# Are Ridgid Table saws available in the UK?



## thejarv (4 Apr 2014)

was in the US recently and had a look at a ridgid table saw. looked pretty good for the price but been doing a bit of searching and cannot find anything in the UK. Do they sell there table saws in the UK ??


----------



## carlb40 (4 Apr 2014)

Rigid like a lot of usa power tool companies have no uk importers. So you would need to import one yourself, and have the added benefit of paying loads on shipping and then the vat/ import duty on top.


----------



## thejarv (4 Apr 2014)

just amazed they don't distribute in the UK there full range. they sell other stuff just not there table saws.


----------



## jimporter (14 Aug 2014)

I have been looking at this just today and thought the Ridgid R4512 looked pretty good but unfortunately they have a bad reputation for returns as the blade goes out of true on the rise and fall, a problem believed to lie in the trunion design.

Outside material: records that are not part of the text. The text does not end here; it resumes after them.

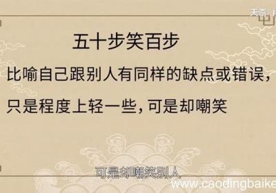 发布时间: 6小时前五十步笑百步比喻自己跟别人有同样的缺点或错误,只是程度上轻一些,可是却嘲笑别人 。五十步笑百步的故事告诉我们看事物不能只看表面,也不能只局限于别人,而要看其本质和全局,看大局才能更好地发现问题,从而进行改正,同时也告诫我们要有自知之明,以及...
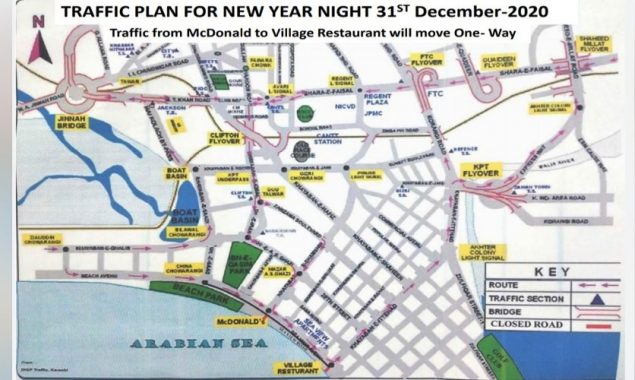 سال نو کے موقع پر کراچی پولیس کی جانب سے ٹریفک پلان جاری کر دیا گیا ہے۔
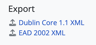 - On the view page of the top-level archival description for the hierarchy you wish to export, locate the Export links in the right-hand context menu.
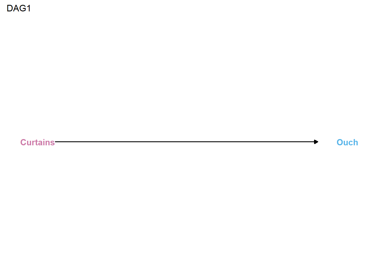 Additionally, as we have explained before, it is usually helpful to communicate our causal assumptions transparently using a causal diagram or a DAG. In the DAG below, we collapse our exposure conditions and potential outcomes into two variables connected by an arrow to represent our expectation of a causal relationship between curtains (open versus closed) and uttering a four-letter word (unstubbed versus stubbed toe).
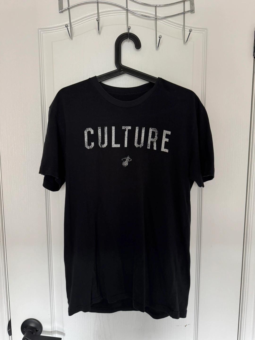 Selling a black Miami Heat "Culture" t-shirt. It's in good condition and ready for a new home! The shirt features the word "CULTURE" in white lettering across the chest, with the Miami Heat logo just below.
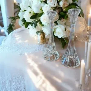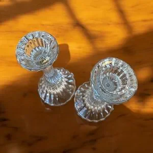Gorgeous, heavy pair of 1950s Vintage leaded-Crystal candle sticks. Super chic!
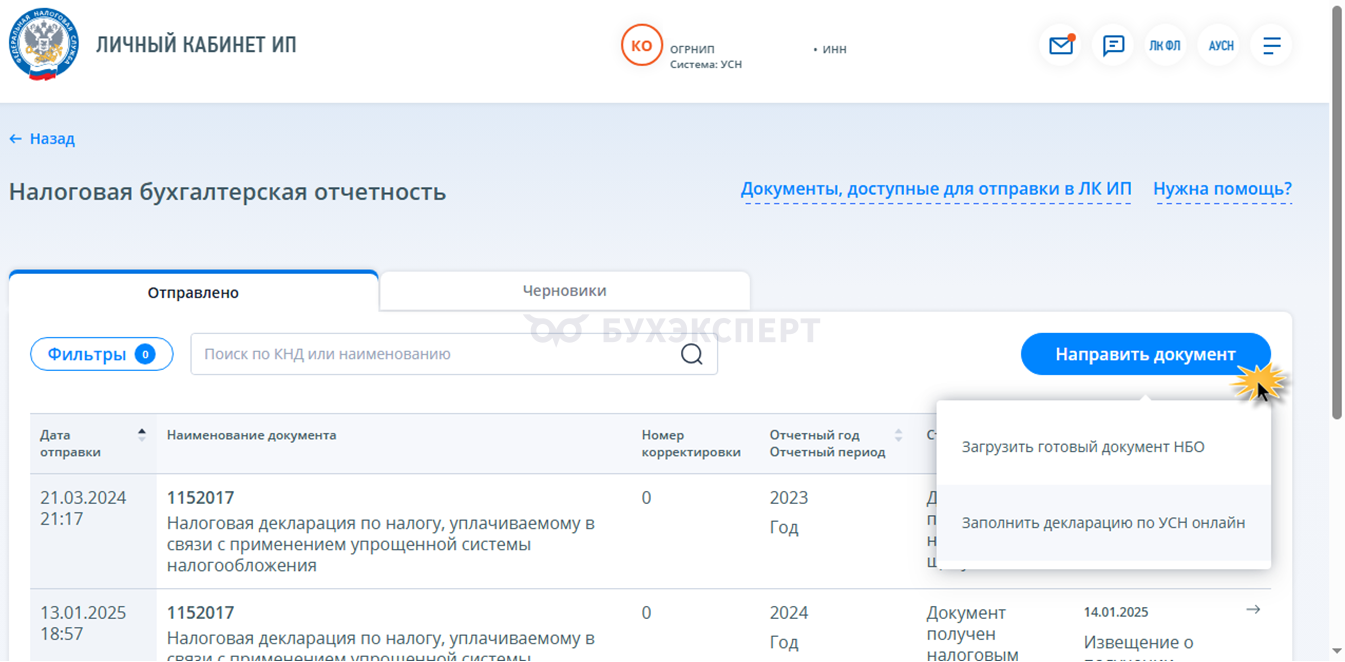 От налоговой отчетности большинство ИП не освобождены, но и этот процесс можно максимально упростить и облегчить. К примеру, ИП могут сформировать и сдать бесплатно декларацию по УСН без использования каких-либо сторонних программ и сервисов в личном кабинете налогоплательщика.
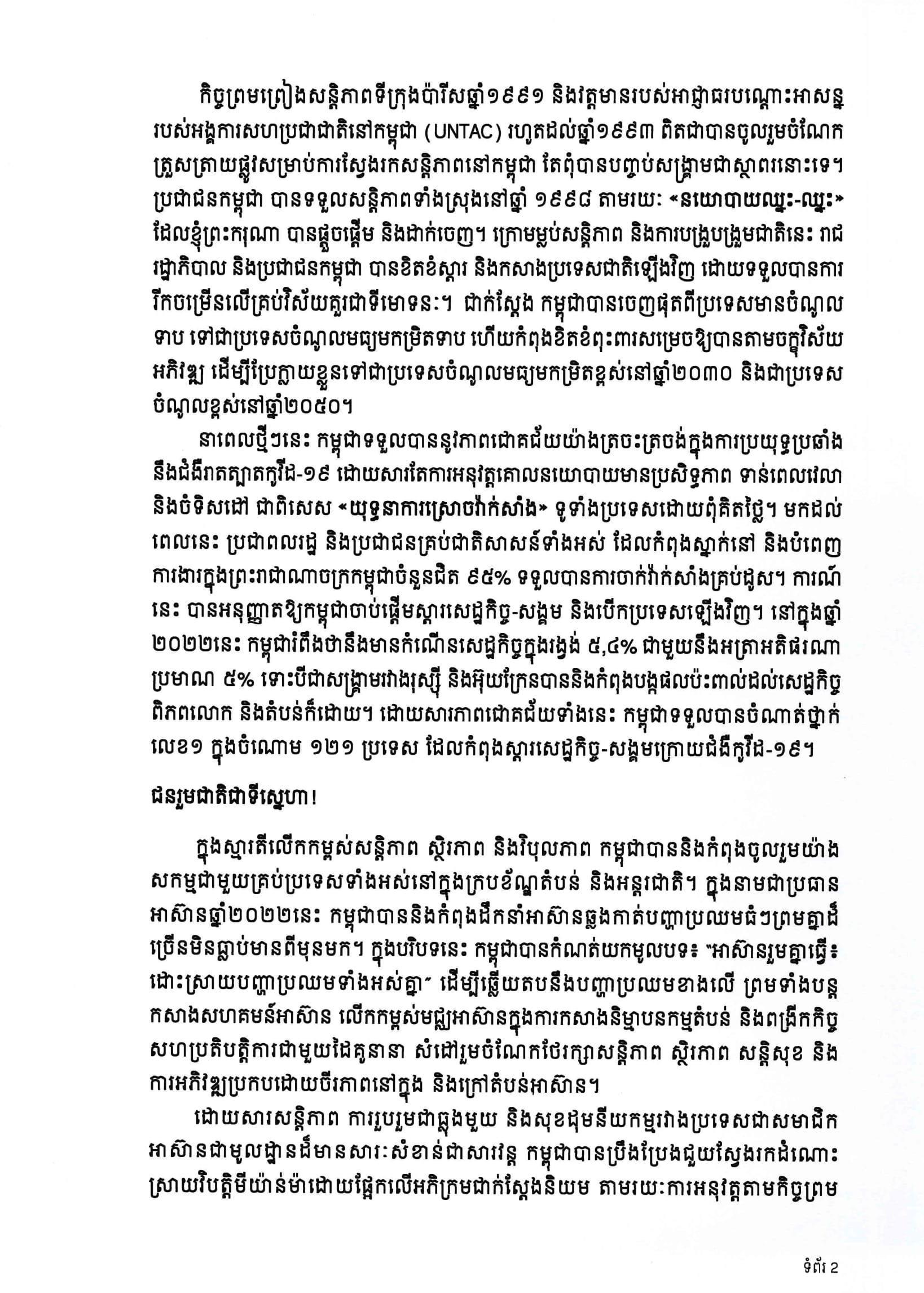 សារលិខិតដែលបណ្តាញព័ត៌មាន Fresh News ទទួលបានបញ្ជាក់យ៉ាងដូច្នេះថា «ក្រោមឆត្ររបស់អង្គការសហប្រជាជាតិ កម្ពុជាបាននិងកំពុងចូលរួមចំណែកយ៉ាងសកម្មក្នុងកិច្ចសហប្រតិបត្តិការថែរក្សាសន្តិភាពពិភពលោក។ ចាប់ពីឆ្នាំ២០០៦ ដល់ឆ្នាំ២០២២ កម្ពុជាបានបញ្ជូនកងកម្លាំងសរុបចំនួន ៨,៣០២នាក់ (ក្នុងនោះ ស្ត្រី៥៨០នាក់) ទៅបំពេញបេសកកម្មថែរក្សាសន្តិភាពរបស់អង្គការសហប្រជាជាតិក្នុងប្រទេសចំនួន០៩ រួមមាន៖ ឆាដ ស៊ូដង់ ស៊ូដង់ខាងត្បូង អាហ្វ្រិកកណ្តាល លីបង់ ស៊ីប ស៊ីរី ម៉ាលី និងយេម៉ែន»។
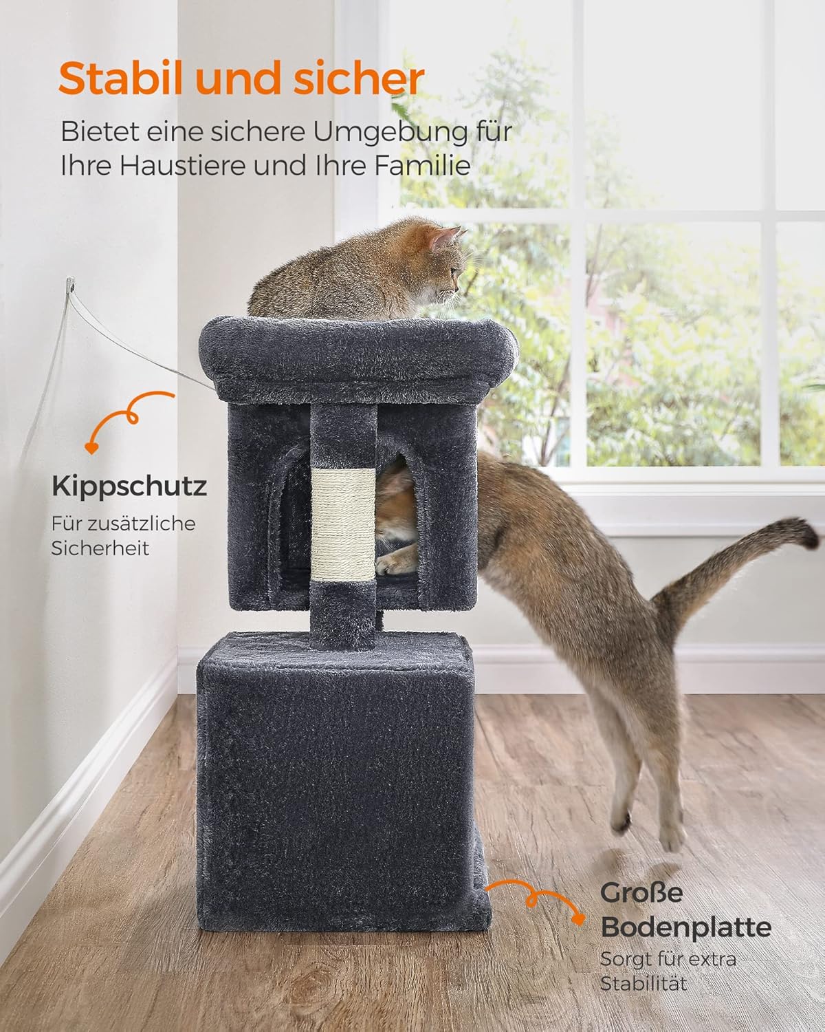Цвят: СветлосивМатериал: ПДЧ, плюш, сизалРазмери: 40 x 30 x 67 см (Д x Ш x В). Тегло: 6 кг

What get me is the price differences in the machines on offer. While looking at machines I priced up, at Homedepot online, the two Ridgid machines R4512 and the R4513 ($529 and $499 respectively), the Dewalt DWE7491 ($564.50) and the Bosch 4100 ($529). All these prices include with stands with the 3 portable ones being rise and fall types. At todays exchange rates the most expensive of these, the Dewalt is £338. Now compare that to the cheapest price I could find online in the UK of £699 ex VAT. Are we being ripped off, I think so.

The normal argument for this is the market is not as big in Europe and they don't sell as many, well news folks lower the price and you will sell a lot more. I imagine myself and a lot of other DIYers would buy one for around £420-450 (£338 +VAT) instead of some of the cheaper rubbish we are offered never mind how many they would sell to tradesmen. I mean for pities sake buying the DWE74911 stand alone is £110 ex VAT.

(if you want a laugh price up the Ryobi brad nailers P320 vs R18N18G-0 and don't even get me started on airless sprayers)


----------



## themackay (15 Aug 2014)

Yes rip off Britain is alive and well Its the same with a lot of things I have just bought several fishing reels from Germany and France 20-25% cheaper than here so hows that so the bigger market excuse does not wash I did try a uk supplier to price match.they wouldnt budge


----------



## pcb1962 (16 Aug 2014)

jimporter":57id8pgc said:


> What get me is the price differences in the machines on offer. While looking at machines I priced up, at Homedepot online, the two Ridgid machines R4512 and the R4513 ($529 and $499 respectively), the Dewalt DWE7491 ($564.50) and the Bosch 4100 ($529). All these prices include with stands with the 3 portable ones being rise and fall types. At todays exchange rates the most expensive of these, the Dewalt is £338. Now compare that to the cheapest price I could find online in the UK of £699 ex VAT. Are we being ripped off, I think so.



I think it's a case of the European mfrs wanting to gain market share in the US and therefore having to price competitively in that market, where they have a host of domestic competitors. Milwaukee, Porter Cable, Craftsman and a whole load more, plus cheap (compared to UK) imports from Ryobi, Makita and others.
If you look at Festool prices in the USA they make you weep compared to here, but Festool are still considered top end of the market and out of reach for most people.


----------



## jimporter (16 Aug 2014)

Not quite so. It is true that there is a level of domestic competition but that domestic competition is of a relatively good standard and therefore that is where the competition is. But the homeowner DIYer expects a lot more of their tools than the general DIYer here and we are fed a diet of own brand rubbish tools by the big box stores. This is not to say the yanks don't have some rubbish tools they do and you can see them on Homedepot but there is not such a large gap.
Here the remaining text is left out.